IMS 2025: Elranatamab Consolidation After Ide-Cel Shows Promise in Relapsed or Refractory Multiple Myeloma

In an interview with Pharmacy Times®, Matthew Lei, PharmD, BCOP, clinical pharmacy specialist from Massachusetts General Hospital, discussed findings from a phase 2 trial evaluating elranatamab (elran) as consolidative therapy after idecabtagene vicleucel (ide-cel) in patients with relapsed or refractory multiple myeloma (RRMM). He highlighted his poster, "PA-051 Initial Results of a Phase 2 Study to Evaluate Elran Post-Ide-Cel Consolidation (EPIC) in Patients with RRMM," which he shared at the 22nd annual International Myeloma Society (IMS) meeting and exposition in Toronto, Canada.

Lei noted that while ide-cel produces strong initial responses, durability remains limited with a median progression-free survival of about 12 months. Early results from 16 patients showed that elranatamab improved response rates, including higher rates of stringent CR, VGPR, and MRD negativity. He emphasized that the strategy leverages sequential use of CAR-T cells and T-cell engagers to enhance response and prolong outcomes.

Pharmacy Times: Can you start by introducing yourself?

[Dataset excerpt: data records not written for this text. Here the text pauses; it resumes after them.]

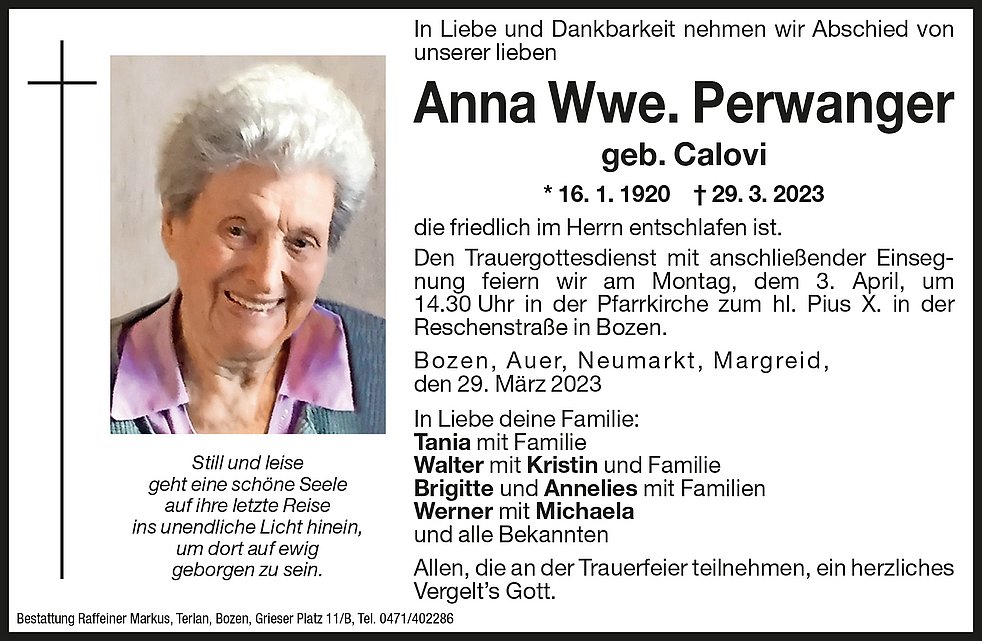 Den Trauergottesdienst mit anschließender Einsegnung feiern wir am Montag, dem 3. April, um 14.30 Uhr in der Pfarrkirche zum Hl. Pius X. in der Reschenstraße in Bozen.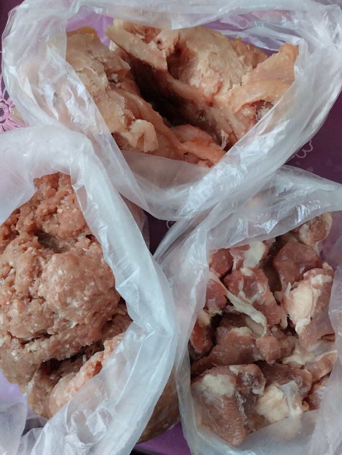 Забыла сфотографировать фарш и обрезь. Уже все расфасовано.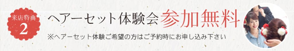 ※ヘアーセット体験会ご希望のお嬢様は、振袖レンタルご予約会申し込み時にお伝え下さい。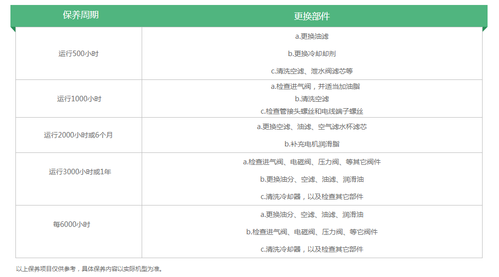空压机保养周期表: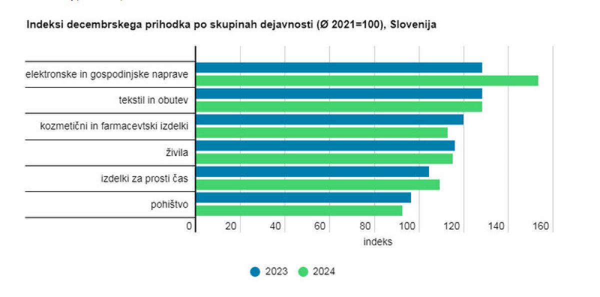 Lanski december je bil v primerjavi s predlanskim manj uspešen za večino glavnih skupin dejavnosti trgovine na drobno. Prodaja se je povečala le v trgovinah z elektronskimi in gospodinjskimi napravami (za 19,5 odstotka) ter trgovinah z izdelki za prosti čas (za 4,7 odstotka). V vseh preostalih večjih skupinah so se prihodki zmanjšali. Največji upad je bil zaznan v trgovinah s kozmetičnimi in farmacevtskimi izdelki (za šest odstotkov manj prihodkov kot decembra predlani) ter trgovinah s pohištvom (za 4,2 odstotka manj prihodkov).

Matthew Lei, PharmD, BCOP: Hi, my name is Matthew Lei. I'm a clinical pharmacy specialist at Massachusetts General Hospital. I'm here at IMS 2025 presenting our poster, which was a study evaluating elranatamab post-ide-cel as consolidative therapy for patients with relapsed/refractory multiple myeloma.

Pharmacy Times: Can you briefly summarize the EPIC trial and why consolidation with elranatamab after idecabtagene vicleucel was chosen for patients with relapsed/refractory multiple myeloma?

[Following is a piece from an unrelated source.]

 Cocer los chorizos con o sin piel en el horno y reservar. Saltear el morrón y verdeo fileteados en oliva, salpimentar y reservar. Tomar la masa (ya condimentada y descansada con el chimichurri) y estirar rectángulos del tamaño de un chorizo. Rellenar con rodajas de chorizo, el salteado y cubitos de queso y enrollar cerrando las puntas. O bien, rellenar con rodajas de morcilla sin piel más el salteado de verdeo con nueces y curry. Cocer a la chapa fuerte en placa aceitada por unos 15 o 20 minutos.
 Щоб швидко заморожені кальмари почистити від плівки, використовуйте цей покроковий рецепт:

Lei: In this phase 2 trial, the intent was to utilize consolidative therapy post-standard care ide-cel. From the KarMMa and KarMMa-3 trials, we know that although the majority of patients respond, these responses are not durable. The median PFS is approximately 12 months or a little over 12 months. The goal is to deepen response, with the aim of improving progression-free survival.

Pharmacy Times: What were the key efficacy signals observed in these initial phase 2 results?

Lei: Our initial results from 16 patients have shown that consolidation with elranatamab does improve response rates. We observed an increase in stringent CR and VGPR rates and also increases in MRD negativity with this strategy.

Pharmacy Times: How does elranatamab’s mechanism of action complement or differ from ide-cel?

Lei: We know that there are specific mechanisms of resistance with CAR-T cells and T-cell engagers. Some are overlapping, and some are not. The goal is to combine these strategies sequentially, with the aim of reinvigorating CAR-T activity. This way, we gain activity from both the T-cell engager and the CAR-T cell, hopefully improving response and durability.

The approach is based both on mechanism and sequencing. Data show that sequential T-cell engager therapy, or T-cell engager therapy prior to CAR-T, is inferior compared to CAR-T followed by sequential T-cell engagers. This strategy leverages those insights to improve response and PFS.